A graph model of data and workflow provenance

  • Authors:
  • Umut Acar;Peter Buneman;James Cheney;Jan Van Den Bussche;Natalia Kwasnikowska;Stijn Vansummeren

  • Affiliations:
  • Max-Planck Institute for Software Systems;University of Edinburgh;University of Edinburgh;Hasselt University;Hasselt University;Université Libre de Bruxelles

  • Venue:
  • TAPP'10 Proceedings of the 2nd conference on Theory and practice of provenance
  • Year:
  • 2010

Quantified Score

Hi-index 0.00

Visualization

Abstract

Provenance has been studied extensively in both database and workflow management systems, so far with little convergence of definitions or models.

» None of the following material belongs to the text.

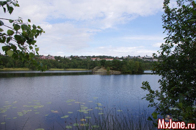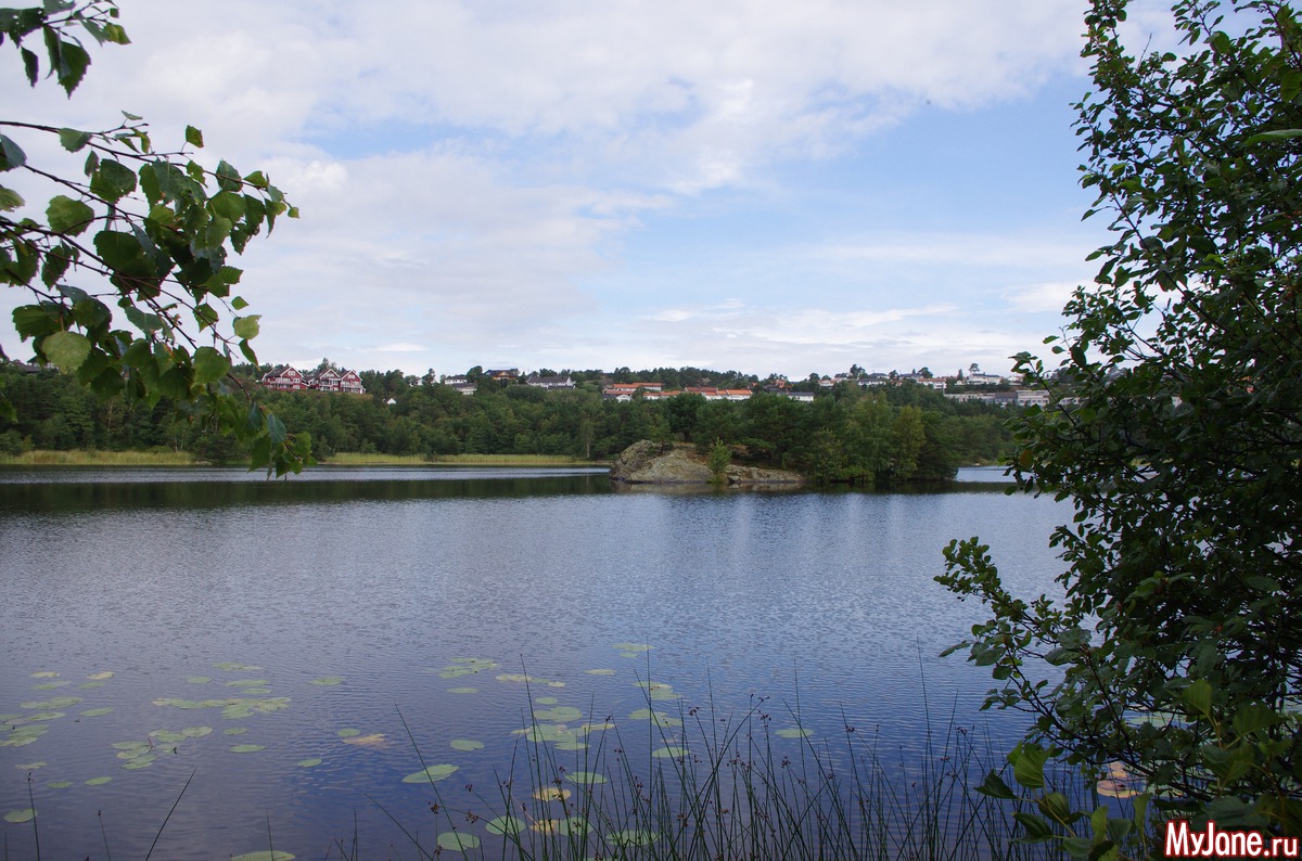 Трудно поверить, но это безмятежное озеро находится всего лишь в 100 метрах от дома. Искупаться, правда, не получилось. Холодновато как-то было. Но однажды утром, я собралась, встала, оделась в спортивную форму и побежала на зарядку вокруг озера. Бежала и прямо чувствовала себя настоящей коренной норвежкой.
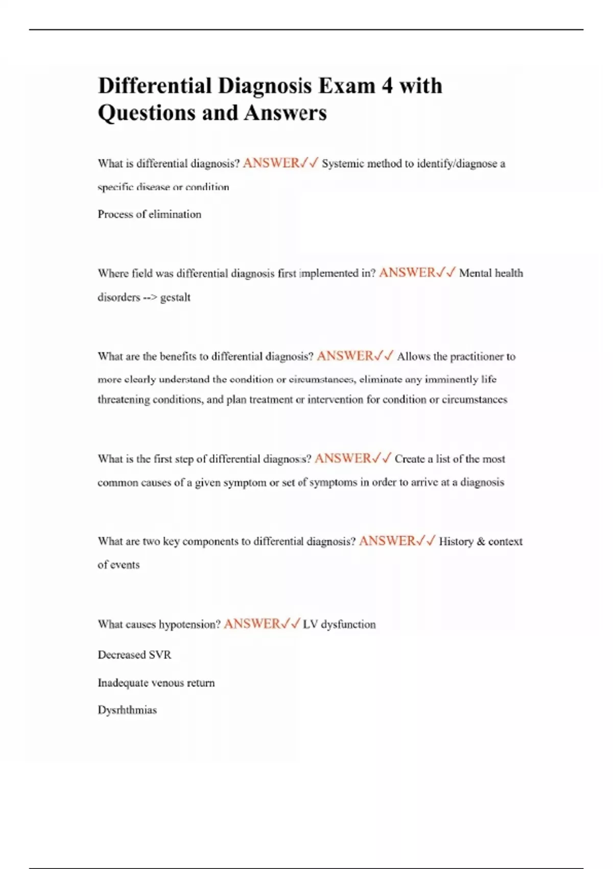 Differential Diagnosis Exam 4 with Questions and Answers What is differential diagnosis? ANSWER Systemic method to identify/diagnose a specific disease or condition Process of elimination Where field was differential diagnosis first implemented in? ANSWER Mental health disorders -- gestalt What are the benefits to differential diagnosis? ANSWER Allows the practitioner to more clearly understand the condition or circumstances, eliminate any imminently life threatening conditions, and plan treatment or intervention for condition or circumstances What is the first step of differential diagnosis? ANSWER Create a list of the most common causes of a given symptom or set of symptoms in order to arrive at a diagnosis What are two key components to differential diagnosis? ANSWER History & context of events What causes hypotension? ANSWER LV dysfunction Decreased SVR Inadequate venous return Dysrhthmias

Provenance in databases has generally been defined for relational or complex object data, by propagating fine-grained annotations or algebraic expressions from the input to the output. This kind of provenance has been found useful in other areas of computer science: annotation databases, probabilistic databases, schema and data integration, etc. In contrast, workflow provenance aims to capture a complete description of evaluation - or enactment - of a workflow, and this is crucial to verification in scientific computation. Workflows and their provenance are often presented using graphical notation, making them easy to visualize but complicating the formal semantics that relates their run-time behavior with their provenance records. We bridge this gap by extending a previously-developed dataflow language which supports both database-style querying and workflow-style batch processing steps to produce a workflow-style provenance graph that can be explicitly queried. We define and describe the model through examples, present queries that extract other forms of provenance, and give an executable definition of the graph semantics of dataflow expressions.